Wednesday, December 28, 2011

The Coming Break-Up of the Nation-State by Gary North



Gary North writes:

There are signs that the social and intellectual world created by the Renaissance and extended by the Enlightenment – right wing and left wing – is nearing its own final days. This is marked by the crisis of the democratic nation-state. It faces these crises:
1. The bankruptcy of its welfare programs for the aged
2. Rising rates of violent crime
3. The failure in the United States of tax-funded education, K-12
4. The bankruptcy of the American empire
5. The loss of legitimacy of the democratic nation-state
6. The break-up of the European federation and euro
7. The failure of the United Nations Organization
8. The rapid extension of Islam in Western Europe
9. Falling white birthrates in the West: below replacement rate
10. The decline of historical knowledge among the West's elite
11. Loss of faith in the idea of progress
12. No replacements for the church and the nation-state 
13. Boredom



Gary continues: 

Chapter 9 of [Robert Nisbet's] book, Progress at Bay, discusses the evidence for the loss of faith in the West regarding the future. He writes:
Behind this spreading atmosphere of guilt and loss of meaning or purpose in the West and its heritage lies a constant erosion of faith in Western institutions; not just political but social, cultural, and religious institutions. Hardly a week passes without some fresh poll or survey indicating still greater loss of respect by Americans and Europeans for government, church, school, profession, industry, the media, and other once respected institutions – and, naturally, those who in one or other degree preside over or represent that these institutions (p. 332).
If there was a single source of this loss of faith it was Charles Darwin.
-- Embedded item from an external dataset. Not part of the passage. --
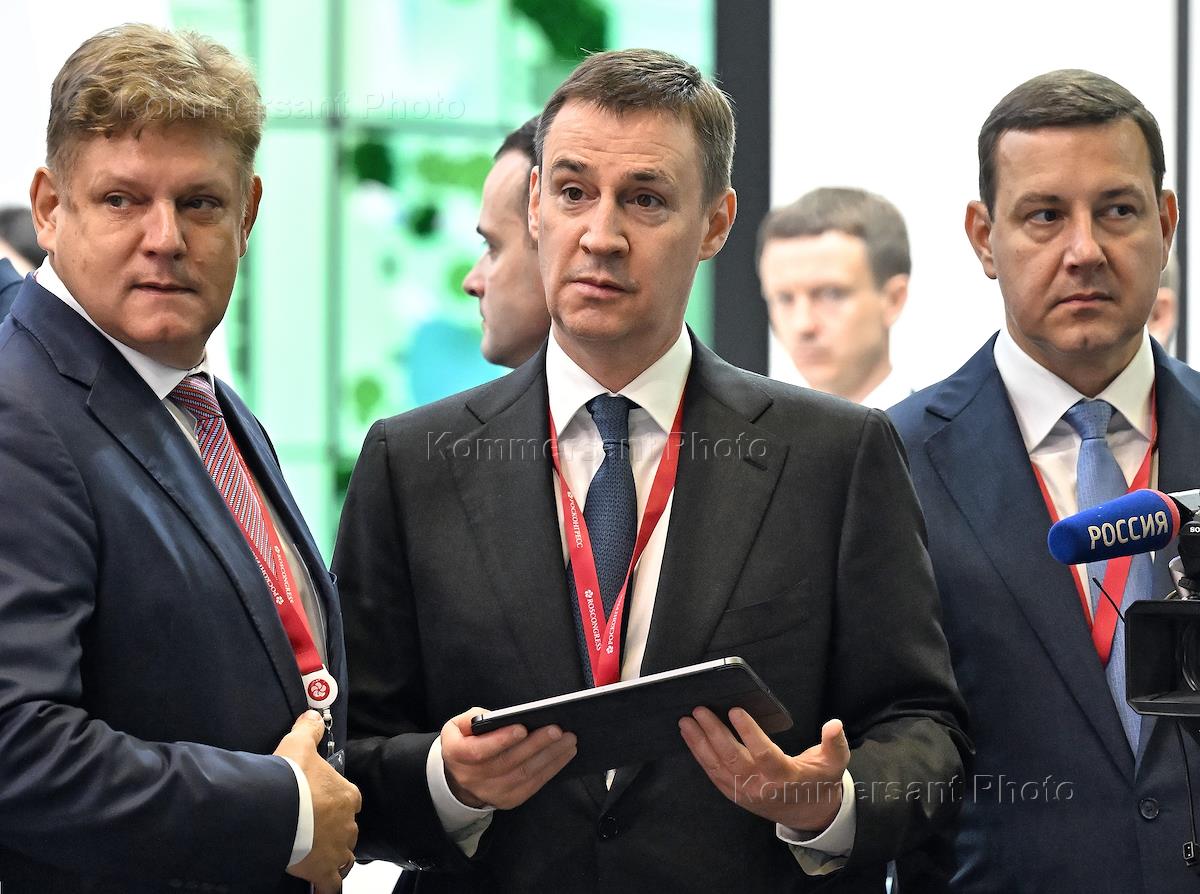 XXVII Петербургский международный экономический форум (ПМЭФ) 2024 в конгрессно-выставочном центре "Экспофорум". Заместитель председателя Правительства России Дмитрий Патрушев (в центре) на форуме.

His concept of unplanned biological change rested on his denial of any purpose in the universe prior to man.
The issue of progress is intimately tied to the idea of morality. 
We cannot separate the doctrine of the idea of progress from morality, which in turn is established through faith in God, who provides both purpose and meaning for the universe. 
The heart of Darwin's theory is that nature has no autonomous purpose... not structured to benefit man, and man must struggle against the forces of nature in order to retain his dominance in nature.  There is nothing outside of man that gives support to man... that guarantees man's success in extending his rule over nature in history.   
There is also no sovereign God who oversees the affairs of men, which has been the belief of Judaism, Christianity, and Islam from the beginning.  Man is cut off from any source of positive or negative sanctions in response to a transcendent system of morals.  
If God is not dead, he is ebbing away, and has been since the early part of the century. We have, in Jonathan Swift's coruscating words, "just enough religion to make us hate but not enough to make us love one another" – or, enough to make us see the flaws and cankers of the society around us but not enough to generate hope for the future.